### Information supplied ###

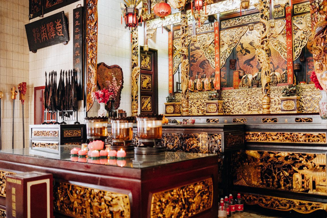 Von der Food Mall aus weiter der Straße folgend findest Du einen chinesischen Tempel, den Yap Kongsi Tempel, welcher 1924 erbaut und 1992 ausgebessert sowie schöner verziert wurde. Gewidmet wurde er dem chinesischen Gott des Wohlstands. Eingemeiselte Geschichten eines Krieges an den Eingangsäulen und die bunten Kacheln des Daches versprechen mehr, als wirklich im Inneren tatsächlich zu sehen ist. Noch heute leben neben dem Tempel Clanmitglieder, die sich über die Jahre dort ihr zuhause geschaffen haben.
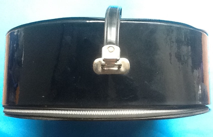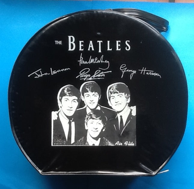 An original Beatles black coloured Vinyl circular overnight Case/ Bag manufactured by Air Flite, U.S.A. The case stands 12 1/2" tall including the top handle clasp. Zipper runs around the front edge of the case. The front of the case has an image of the Beatles together with their facsimile signatures above their image. These were available in either a black or red colour back in the day.
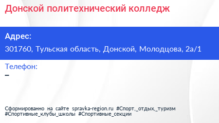 Донской политехнический колледж по адресу 301760, Тульская область, Донской, Молодцова, 2а/1 в дальнейшем Организация, размещена в следующих категориях:
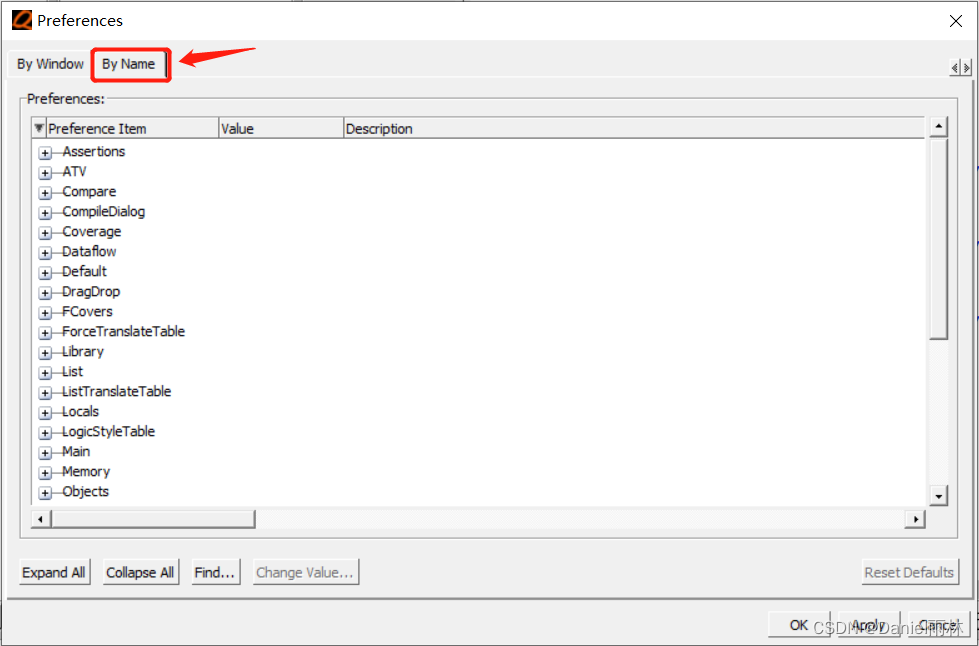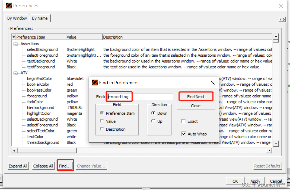 在QuestaSim按如下顺序打开对应窗口, Tools -> Edit Preferences -> By Name -> Find

###

- **Task directions**
As you output the material, omit the pictures but alter nothing else.

- **Reply to the task**
 Von der Food Mall aus weiter der Straße folgend findest Du einen chinesischen Tempel, den Yap Kongsi Tempel, welcher 1924 erbaut und 1992 ausgebessert sowie schöner verziert wurde. Gewidmet wurde er dem chinesischen Gott des Wohlstands. Eingemeiselte Geschichten eines Krieges an den Eingangsäulen und die bunten Kacheln des Daches versprechen mehr, als wirklich im Inneren tatsächlich zu sehen ist. Noch heute leben neben dem Tempel Clanmitglieder, die sich über die Jahre dort ihr zuhause geschaffen haben.
 An original Beatles black coloured Vinyl circular overnight Case/ Bag manufactured by Air Flite, U.S.A. The case stands 12 1/2" tall including the top handle clasp. Zipper runs around the front edge of the case. The front of the case has an image of the Beatles together with their facsimile signatures above their image. These were available in either a black or red colour back in the day.
 Донской политехнический колледж по адресу 301760, Тульская область, Донской, Молодцова, 2а/1 в дальнейшем Организация, размещена в следующих категориях:
 在QuestaSim按如下顺序打开对应窗口, Tools -> Edit Preferences -> By Name -> Find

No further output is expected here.